Better Descent Direction Gradient descent uses first-order information (i.e. gradient), x k + 1 = x k − t k ∇ f ( x k ) Locally −∇ f ( x k ) is the max-rate descending direction, but globally it may not be the “right” direction. 2 x T Qx with Q = diag { 0 . 01 , 1 } , optimum is x ∗ = 0 . Example. For f ( x ) = 1 ⋆ The negative gradient is −∇ f ( x ) = − Qx = − ( 0 . 01 x 1 , x 2 ) T quite different from the “right” descent direction d = − x . Note d = − Q − 1 ∇ f ( x ) = − [ ∇ 2 f ( x )] − 1 ∇ f ( x ) With second-order information (i.e. Hessian), we hope to do better. 17/24

CS257 Linear and Convex Optimization Lecture 10 Bo Jiang John - PowerPoint PPT Presentation

CS257 Linear and Convex Optimization Lecture 10 Bo Jiang John Hopcroft Center for Computer Science Shanghai Jiao Tong University November 9, 2020 Recap Strong convexity. f is m -strongly convex if 2 x 2 is convex f ( x ) m

CS257 Linear and Convex Optimization Lecture 7 Bo Jiang John Hopcroft Center for Computer

Convex Hell 362 dnc CS 16: Convex Hull Whoops, I mean... Convex Hull Whats a Convex Hull?

CS257 Linear and Convex Optimization Lecture 1 Bo Jiang John Hopcroft Center for Computer

CS257 Linear and Convex Optimization Lecture 9 Bo Jiang John Hopcroft Center for Computer

Convex Optimization 4. Convex Optimization Problems Prof. Ying Cui Department of Electrical

CS675: Convex and Combinatorial Optimization Fall 2019 Convex Optimization Problems Instructor:

CS675: Convex and Combinatorial Optimization Spring 2018 Convex Optimization Problems

constrained convex optimization virgil pavlu 1 convex set a set X in a vector space is convex if

CS675: Convex and Combinatorial Optimization Spring 2018 Convex Sets Instructor: Shaddin Dughmi

CS675: Convex and Combinatorial Optimization Fall 2019 Convex Functions Instructor: Shaddin

CS675: Convex and Combinatorial Optimization Fall 2019 Convex Sets Instructor: Shaddin Dughmi

CS675: Convex and Combinatorial Optimization Fall 2014 Convex Functions Instructor: Shaddin

Convex hull 1 - 1 Convex hull 1 - 2 Convex hull 1 - 3 Convex hull Definition, extremal

CS133 Computational Geometry Convex Hull 1 Convex Hull Given a set of n points, find the

Some Recent Advances in Non-convex Optimization Purushottam Kar IIT KANPUR Outline of the Talk

Faster convex optimization Simulated annealing & Interior point Elad Hazan Joint work with

Learning Step Size Controllers for Robust Neural Network Training Christian Daniel et al.
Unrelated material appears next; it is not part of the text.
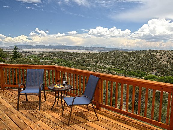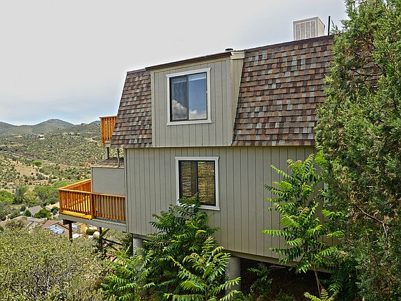 This two bedroom two bath home is located in a safe friendly neighborhood. There is one fireplace in the living room and a second romantic fireplace in the large master bedroom retreat. Both fireplaces have electric outlets above the wood mantels, great for romantic lighting, holiday lights and/or large screen television. This home is an escape from the ordinary. New gutters have been installed to provide a drip proof deck. The two patio doors off the living space have been replaced with new Dual pane glass and new sliding screen doors Inner doors are new solid wood knotty pine sound blocker doors. A private balcony is connected to the master bedroom with fantastic views, great place to enjoy a glass of wine in the evenings. A 1160' wrap around wood deck shows off fantastic views of mountains and thousands of stars at night. Set up your telescope and enjoy the show! Two patio doors open onto large deck entertaining area for relaxing outdoor living. The main deck is shaded for cool grilling nights. You have country living with city amenities Starbucks, Trader Joe's, Sprouts, Costco and more shopping plus movie theaters are only 10 minutes away. Upstairs bathroom has a shower and new Bosch stacker washer/dryer; clean clothes are just a step away. Downstairs bath has full bathtub. Hiking and biking paths are just down the street. There is a fenced in area for pets. Gentle rolling long lot, no one can build behind you and block the view. Under the house insulation has been blown in to a R21 factor making the house warm and cozy in the winter and keeping the house cooler in the summer months. An open space under the house for extra storage of outdoor equipment/ bikes or additional storage sheds is available. Refrigerator, stove and new Bosch Stacker Washer and Dryer are included with the house.

Recent

Introduction to Machine Learning Linear Regression Prof. Andreas Krause Learning and Adaptive

Math 211 Math 211 Lecture #14 M ATLAB s ODE Solvers September 26, 2003 2 Matlab Solvers

On the steplength selection in Stochastic Gradient Methods Giorgia Franchini

CS 6316 Machine Learning Gradient Descent Yangfeng Ji Department of Computer Science University

Leamer Monoids and the Huneke-Wiegand Conjecture Roberto Carlos Pelayo Christopher ONeill

Machine Learning: Chenhao Tan University of Colorado Boulder LECTURE 5 Slides adapted from

Stepwise Refinement Lecture 6 CGS 3416 Spring 2017 February 6, 2017 Lecture 6CGS 3416 Spring

CS257 Linear and Convex Optimization Lecture 10 Bo Jiang John - PowerPoint PPT Presentation

CS257 Linear and Convex Optimization Lecture 10 Bo Jiang John Hopcroft Center for Computer Science Shanghai Jiao Tong University November 9, 2020 Recap Strong convexity. f is m -strongly convex if 2 x 2 is convex f ( x ) m

CS257 Linear and Convex Optimization Lecture 7 Bo Jiang John Hopcroft Center for Computer

Convex Hell 362 dnc CS 16: Convex Hull Whoops, I mean... Convex Hull Whats a Convex Hull?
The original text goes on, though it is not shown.